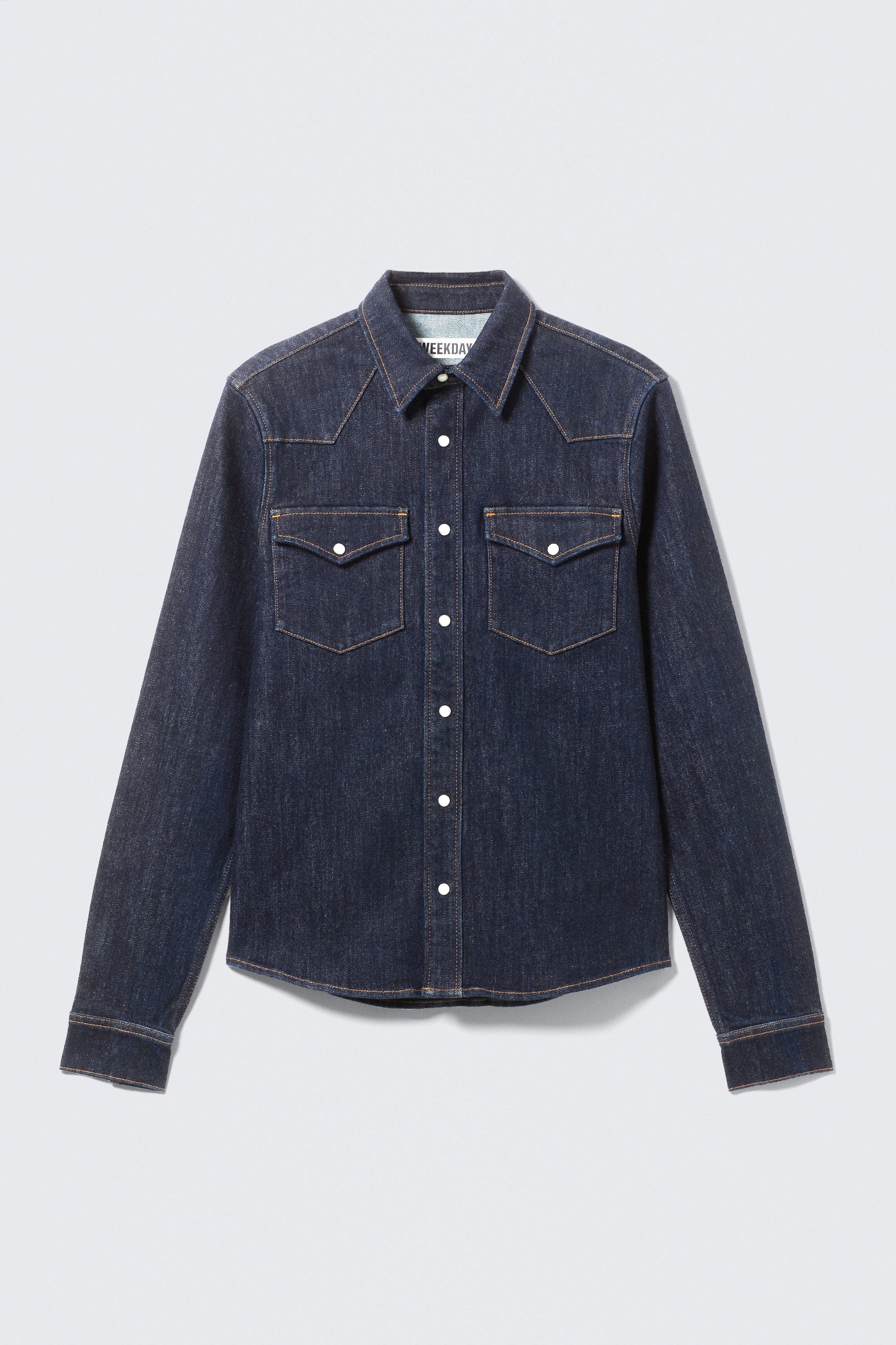 En fasongsydd dongeriskjorte laget av økologisk bomull med komfortstretch og resirkulert bomull. Skjorten har klassisk krage, brystlommer med klaff, buet fald, trykknapper foran og på mansjettene. Designet for en smal passform i mørkeblå vask.
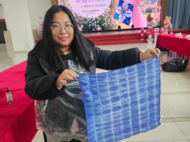 春意渐浓,芳华初绽。在三八国际妇女节来临之际,合工大宣城项目以非遗扎染为媒,为校园女教师与女学子献上最深情的祝福。这场传统美学之约,将布料与色彩化作桥梁,让师生与工作人员在每一次折叠与捆扎中心意相通。在斑驳的光影与斑斓的色彩间,不仅邂逅了古韵新风,更让校物共建的温情,随春风悄然生长。
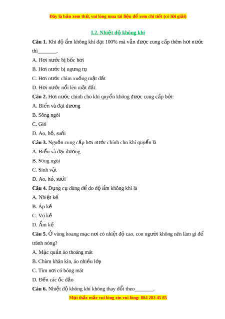 Đây là bản xem th , vu ử i lòng mua tài li u ệ đ xe ể m chi ti t ế (có l i ờ gi i ả ) I .2. N hi t ệ đ không k ộ hí Câu 1. Khi độ m ẩ không khí đ t ạ 100% mà v n ẫ đư c ợ cung c p ấ thêm h i ơ nư c ớ thì_______. A. H i ơ nư c ớ b b ị c h ố i ơ B. H i ơ nư c b ớ ng ị ng t ư ụ C. H i ơ nư c chì ớ m xu ng m ố t ặ đ t ấ D. H i ơ nư c ớ n i ổ lên m t ặ đ t ấ . Câu 2. H i ơ nư c
- - - - - - -
Exact copies of the lines from the one containing "春意渐浓,芳华初绽。在三八国" through the final line of the data are required; pictures are to be omitted.

 春意渐浓,芳华初绽。在三八国际妇女节来临之际,合工大宣城项目以非遗扎染为媒,为校园女教师与女学子献上最深情的祝福。这场传统美学之约,将布料与色彩化作桥梁,让师生与工作人员在每一次折叠与捆扎中心意相通。在斑驳的光影与斑斓的色彩间,不仅邂逅了古韵新风,更让校物共建的温情,随春风悄然生长。
 Đây là bản xem th , vu ử i lòng mua tài li u ệ đ xe ể m chi ti t ế (có l i ờ gi i ả ) I .2. N hi t ệ đ không k ộ hí Câu 1. Khi độ m ẩ không khí đ t ạ 100% mà v n ẫ đư c ợ cung c p ấ thêm h i ơ nư c ớ thì_______. A. H i ơ nư c ớ b b ị c h ố i ơ B. H i ơ nư c b ớ ng ị ng t ư ụ C. H i ơ nư c chì ớ m xu ng m ố t ặ đ t ấ D. H i ơ nư c ớ n i ổ lên m t ặ đ t ấ . Câu 2. H i ơ nư c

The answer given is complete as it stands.